By Mr. Ram Kewalramani
With the country moving towards a more inclusive growth agenda, the Micro, Small, and Medium Enterprises (MSMEs) in India will play a critical role in helping India achieve the targeted growth rate of the nation.
According to EY, the burgeoning gap between the demand and supply of credit to MSMEs is said to be approximately US$250 to 300 billion.
This credit gap presents opportunities for banks and FinTech companies to collaborate and enable the provision of affordable and easily accessible credit facilities.
The finance ministry calls for the rollout of new MSME credit assessment models
The exclusion of MSMEs from structured lending frameworks stifles their development.
While we have made significant progress in unlocking easy access to credit, we still have to address some critical challenges to ensure that the formal use of financial products or services is meaningful and affordable.
Considering how MSMEs are contributing towards wealth creation at a grassroots level and are the driving force behind India’s ascent to become a global powerhouse—the financial services industry, together with the government and regulatory bodies, needs to address the case of MSME funding with greater urgency.
We will need the support of regulatory initiatives to improve the operational environments and create a nationwide digital ecosystem that will play a pivotal role in reaching the credit-starved segments of society.
In line with the Union Budget 2023-24, Public Sector Banks (PSBs) have been tasked by the Ministry of Finance to roll out pilot initiatives focused on a restructured credit evaluation approach for MSMEs.
During the pre-budget consultations, the Federation of Indian Micro, Small, and Medium Enterprises presented the issue before the Finance Ministry.
As a result, the Indian Banks’ Association (IBA) will lead the charge in developing this new framework, which will require PSBs to build in-house capabilities to assess MSME creditworthiness.
How will this new MSME credit assessment model help?
The shift to digital platforms by MSMEs brings numerous advantages, including the ability to establish a verifiable and traceable digital history of their financial transactions.
As a result of this, the traditional cash flow figures are being replaced by digital transactions, making it easier for banks and FinTech lenders to make data-backed decisions while lending to MSMEs.

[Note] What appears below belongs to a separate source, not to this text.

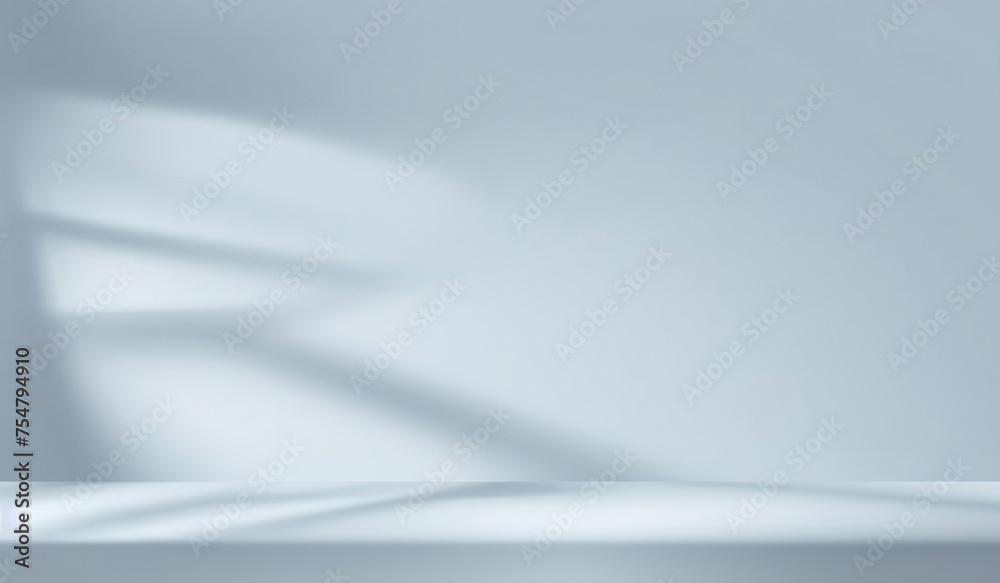 Minimalistic simple abstract light blue background for product presentation - shadow and light from wWall mural

The new credit assessment model will move away from third-party ratings and evaluate MSME creditworthiness by leveraging the digital footprints of these small businesses, many of which operate without formal accounting systems.
It will bring forth a much-needed upgrade from the traditional assessment of credit eligibility, which is largely based on external evaluations such as the business’s asset ownership or turnover criteria.
In recent years, what has truly supported widespread financial inclusion is the advent of the digital infrastructure centred around a digital identity and a robust payment system. These developments have unleashed the potential to assess credit, set up recovery mechanisms, and underwrite risk effectively—in turn, reducing the friction in distributing credit to underserved segments like MSMEs.
With this new credit assessment model, banks that have for years relied on external credit evaluations now have the opportunity to get a more holistic view of an MSME’s financial health through a comprehensive assessment of digital transactions and business records available online.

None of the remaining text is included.